By making more use of these clothes through re-use and other routes such as design changes, alteration,  repair and recycling, there is a real opportunity for businesses and consumers to realise both financial and environmental gains, WRAP (Waste & Resources Action Programme)’s research, published, has found.

WRAP’s research, which was funded by the Westminster, Scottish, Welsh and Northern Ireland Governments, found in the last year alone we left a staggering 1.7 billion items unused in our wardrobes. It also found that there is considerable interest from consumers in re-using those unwanted items. With over two thirds of consumers willing to buy and wear pre-owned clothing such as jeans and jumpers, the report identifies additional opportunities for this aspect of the clothing industry.

Liz Goodwin, CEO, WRAP, said: “The way we make and use clothes consumes a huge amount of the earth’s precious resources, and accounts for a major chunk of family spending.  But by increasing the active use of clothing by an extra nine months we could reduce the water, carbon and waste impacts by up to 20-30% each and save £5 billion.

“Consumers can realise the value of clothing by updating existing items for their own use, or selling or donating them for others to use.
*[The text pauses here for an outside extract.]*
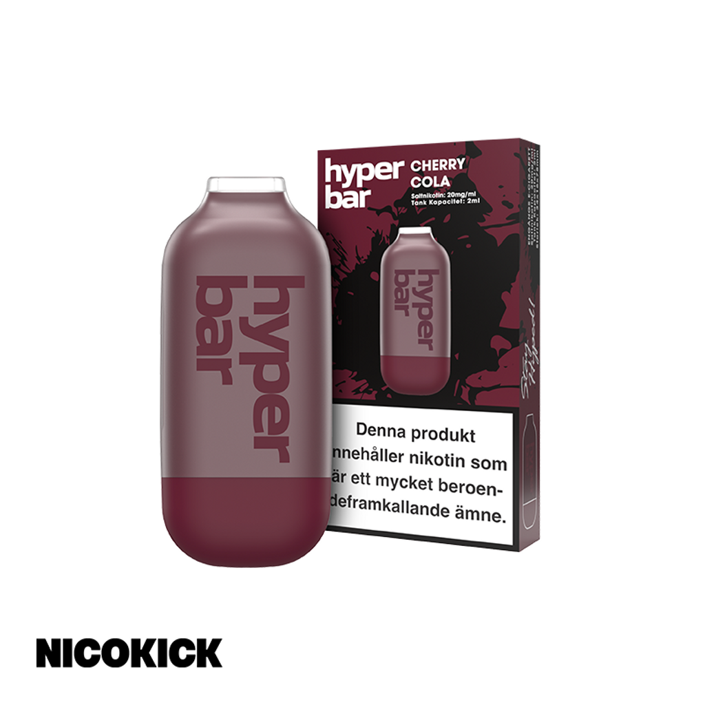 Hyper Bar Engångsvape 20mg med smak av körsbär och cola.

There are also significant opportunities for industry to capitalise on consumer interest and gain financially.”

Each stage of the clothing journey has a significant environmental impact. For example over 90% of the water footprint occurs during fibre and garment supply. Washing and drying clothes is the equivalent of around 10% of total carbon emissions from cars in the UK, and the majority of the waste arises once an item is no longer wanted. 

A third of all of the clothes we buy ends up in landfill, which is bad for the environment and bad value. There are significant opportunities to generate revenue of around £140 million2 if all items currently sent to landfill were given to charities, local authorities or other organisations for recycling or re-use. For example, through donating unwanted items to friends, family or charities, selling online, or using the various collection banks or local authority services where available.  These existing options or indeed new business opportunities could keep more clothing out of the bin and landfill, ensuring value is retained for longer.

The report goes a step further than simply providing the economic and environmental facts, it also identifies potential new business models for industry that can add to the bottom line, increase the range of services or stimulate markets.